Let’s take a look at some examples to clarify.
Tweetpop is a micro-SaaS product that plugs into your Twitter and lets you create, schedule, and manage your tweets.
Another example is JustRedirect, a tool that lets you migrate sites to new domains and manage redirections.
As you can see, these products often “piggyback” on existing structures, which means they’re very easy to build and manage.
They’re usually run by only one person or a very small team, which means they can be founded at a low cost and in a short time.
Still, the most successful of these products pull in a solid MRR ($2K for Tweetpop and $5K for JustRedirect).
For all of these reasons, we can definitely expect to see some major expansion in the micro-SaaS market in the coming years.
The last item on our list is a great example of how building software is slowly decoupling from coding as the industry evolves.
Low-code SaaS solutions enable users to build their own software without requiring extensive knowledge of coding.
Instead, these platforms rely on visual interfaces, dropdown menus, and drag-and-drop functions to create complete, functioning applications and software products.
Above, you can see how OutSystems, a low-code application development platform, approaches building software.
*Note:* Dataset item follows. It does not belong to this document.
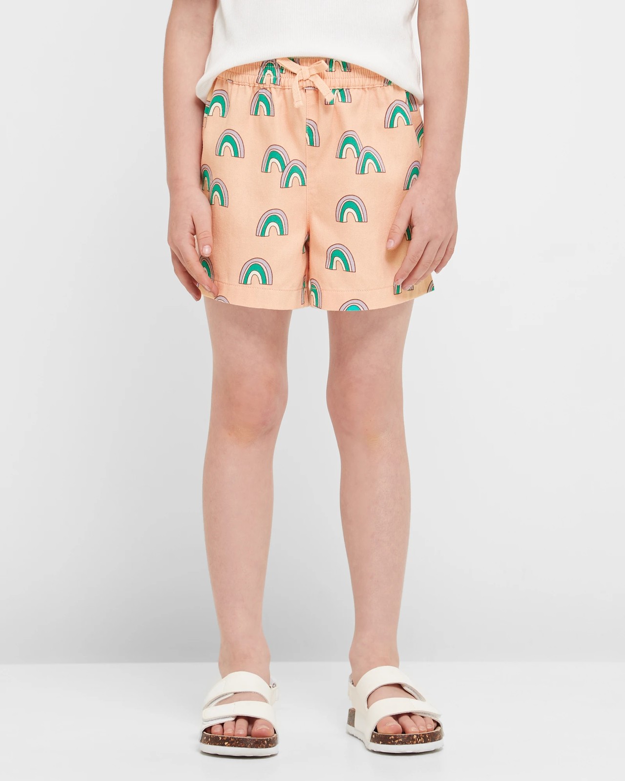Introducing our Rainbow Shorts, perfect for adding a pop of colour to your summer wardrobe. Made from high-quality cotton rich fabric, these shorts offer a regular pull-on fit for maximum comfort. Featuring a delightful peach all over rainbow print, these shorts are a fun and stylish choice for any occasion. The elastic waistband with bow applique adds a charming detail, while the short length is perfect for staying cool in the sun. Whether you're strolling along the beach or enjoying a picnic in the park, our Rainbow Shorts are sure to brighten up your day. Shop now and embrace the vibrant energy of the rainbow!

You can create customer flows and then select functions from a menu, which drag and drop into the flow.
While these platforms don’t offer complete customization like you would receive hiring a development team or agency, they do allow you to save a significant amount of resources.
Furthermore, low-code platforms also allow you to finish a project much faster and deliver a complete solution in less time.
And we’re talking major time-to-completion reductions here.
The low-code platform Linx did an experiment where they asked two developers to create an application to contact a forex API, find out the current rate exchange and email the information back to the client at a scheduled time every week.
Developing the app in the traditional way took more than seven hours while working on the Linx platform took only 16 minutes.
In the fast-paced world of software development, it’s easy to see how this approach to coding might soon become an everyday occurrence.
Hopefully, this article has provided you with some great ideas on how to modernize your SaaS product or build a new piece of software that will stay ahead of the competition.
Your next step is to dive deeper and learn more about the cutting-edge trends we’ve outlined in this list and see how they could help you serve your customers better and grow your business to success.
Remember, the only way to survive in the fast-changing world of SaaS is to adapt and evolve. Thankfully, software development is a flexible field, and it boasts a customer base unafraid to try new things. So don’t be scared to experiment and test new technology to stay relevant.